Wie ist es, als Leitender Arzt der Notfallstation zu arbeiten?

Dr. med. Thierry Brunschwig

Dr. med. Thierry Brunschwig

24. Januar 2023

lesezeit

15 min

Dr. med. Thierry Brunschwig gewährt Einblicke in diesen abwechslungsreichen Alltag, erzählt, wie der Patientenansturm bewältigt wird und vieles mehr.

Herr Brunschwig, Sie sind Leitender Arzt der Notfallstation am Spital Zollikerberg.
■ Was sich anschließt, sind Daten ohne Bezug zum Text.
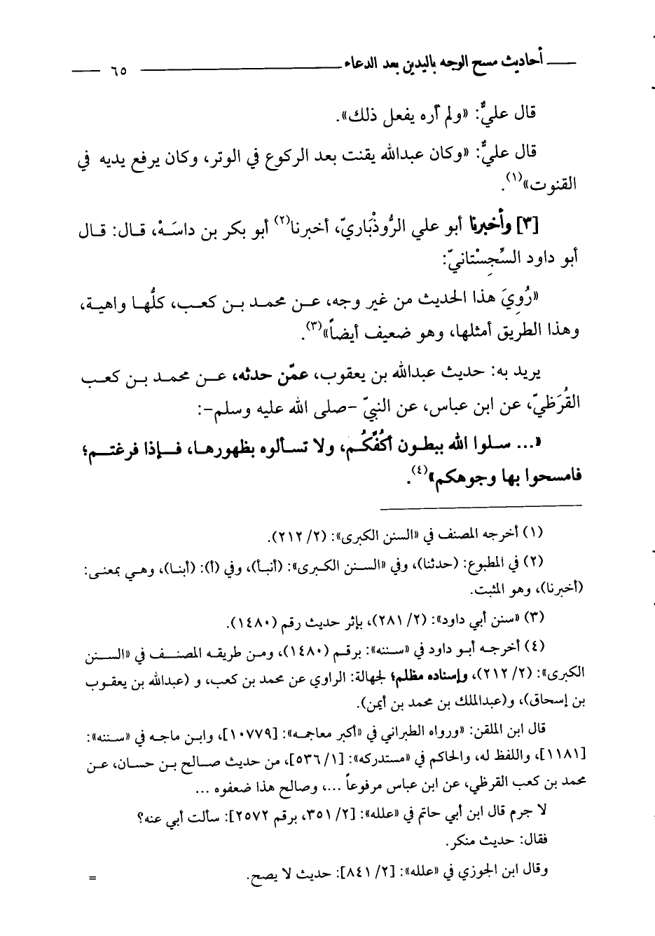 ((.. .. سلوا الله ببطون أكفكم، ولا تسألوه بظهورها، فإذا فرغتم؛ فامسحوا بها وجوهكم)) .
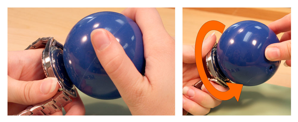 Открытие завинчивающейся задней крышки часов с помощью шара

Erzählen Sie uns, was zeichnet Ihre Arbeit aus?

Ich habe verschiedene Aufgaben. Grundsätzlich kann ich sagen, dass es «unsere» Aufgabe ist – ich sage «unsere» und nicht nur «meine», weil wir ein Team sind –, die Patient:innen in der Notfallstation möglichst gut, sicher, schnell, und richtig zu behandeln.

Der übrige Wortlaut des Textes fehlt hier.